Но дань уважения им все же приносят.

В наше безденежное и по сути бескнижное время я был счастлив тем, что в свою деревенскую тишину и глухомань мне удалось «заполучить» трех биографов – три книги о жизни Жуковского – Бориса Зайцева, Майи Бессараб и Виктора Афанасьева. С ними и жил весь этот год, выстраивая свои смутные заметки, для чего и пишу «первую и вместе с тем последнюю вещь в книге» – предисловие…

апрель, 1997 (145 лет со дня смерти В. А. Жуковского)

1852, АПРЕЛЬ. НАКАНУНЕ. Разговор с о. Иоанном. «Агасфер». «Царскосельский лебедь»

* * *

…В большом доме Жуковского в Бадене несколько окон плотно занавешены и комната тиха и сумрачна: «лекарство для глаз» – отсутствие света. Доктор Гугерт ему рекомендовал темные комнаты, пока не сойдет воспаление. Один глаз уже слеп, другой еще видит, еще держится – на честном слове. Выходить нельзя: резкий свет вызывает резкую боль. Так позднее произойдет с неприкаянным Фридрихом Ницше, чьи глаза убивал прекрасно-ослепительный белый снег.

Василий Андреевич готовился к тому, что однажды утром он не увидит самого утра, и даже придумал себе машинку для слепого письма – «я человек изобретательный» – картонку с прорезями для строк.

В этой комнате, в полусумраке, в начале марта 1852 года, камердинер Жуковского Василий читал поэту выписку из журнала «Московитянин» – о смерти Гоголя. «В чем заключались его страдания, никто не знает… уклонялся от пищи… был уже слаб и почти шатался… сжег… по ошибке… закричал: оставьте меня! не мучьте меня!»

Жуковскому сначала было страшно – и слушать, и думать об этом; но потом он впал словно в оцепенение: просидел несколько часов кряду без движения, во тьме, потом прилег на диван – и уже больше не вставал /1.392 – указан источник из списка и номер страницы/.

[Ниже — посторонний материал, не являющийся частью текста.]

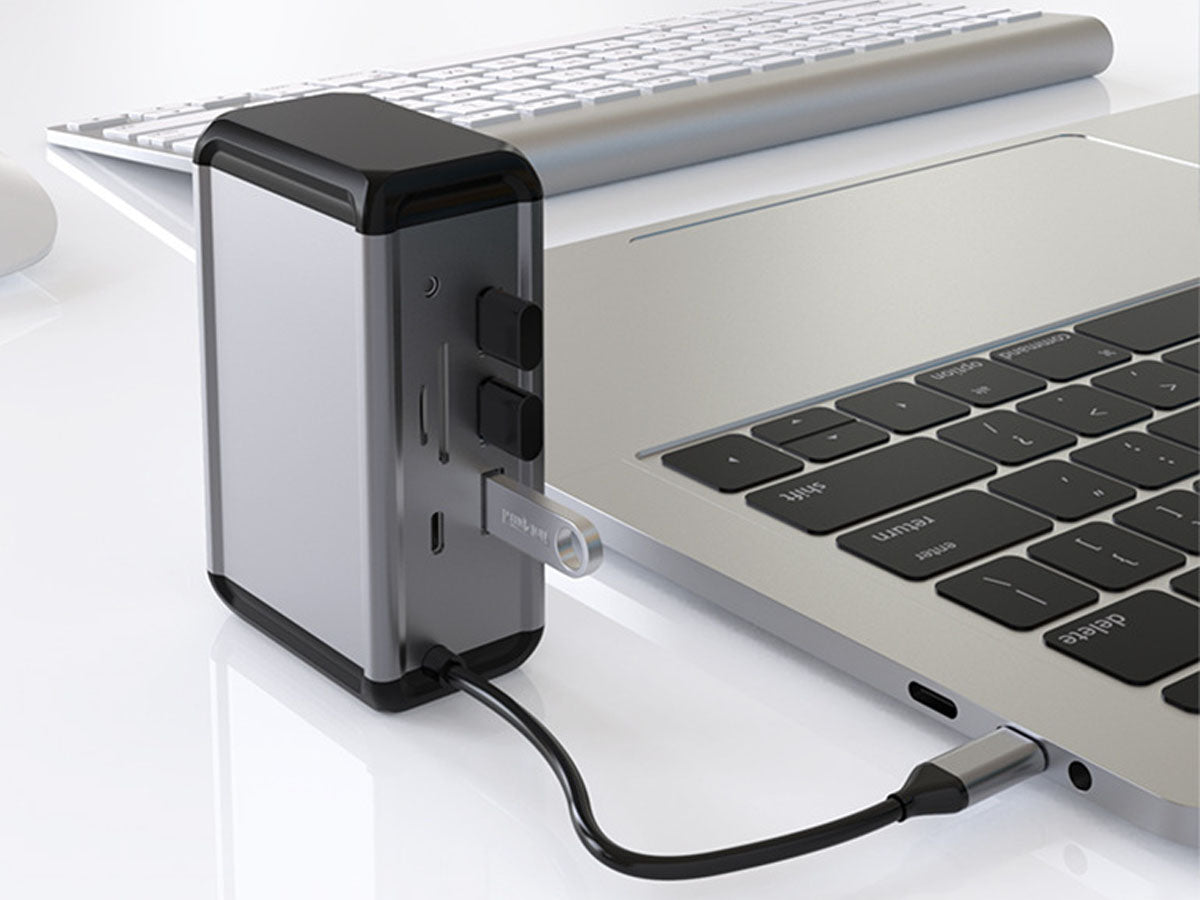 This 12-in-1 USB C hub is universally compatible with laptops and desktop computers with USB Type-C connectivity.

Его как будто нужно было «свалить», чтобы он наконец понял, почувствовал: вот – смерть, теперь уже за ним…

* * *

7 апреля приехал прот. Иоанн Базаров. Жуковский был очень плох, но причащаться пока отказывался: само таинство, казалось, становится тем предвестником смерти, после которого уже нет никакой надежды – вместо того, чтобы нести благодарное успокоение и светлое умиротворение. Поэтому откладывал, терпел (как всегда в своей жизни), придумывал всевозможные отговорки, оправдания:

– Вы видите, в каком я положении… совсем разбитый. В голове не клеится ни одна мысль. Как же таким явиться перед Ним?

– А если бы сам Господь захотел прийти к вам? Разве отвечали бы Ему, что вас нет дома? /3.141/

Действительно, разве бы Жуковский отказал, отговорился, оттолкнул?

После причащения Василий Андреевич «успокоился внутренне». Надлежало прощаться.

И вдруг оказалось, что он совершенно не знает, как это делать. Он так часто провожал друзей и любимых с этого берега на тот, что теперь, когда ему самому предстояло сесть в лодку и отчалить, он испугался, поразился своей неготовности. Он так привык не умирать, что словно исключил возможность своей смерти вообще; он так долго жил, что эта «долгота» отождествилась с вечностью, с непрекращаемостью.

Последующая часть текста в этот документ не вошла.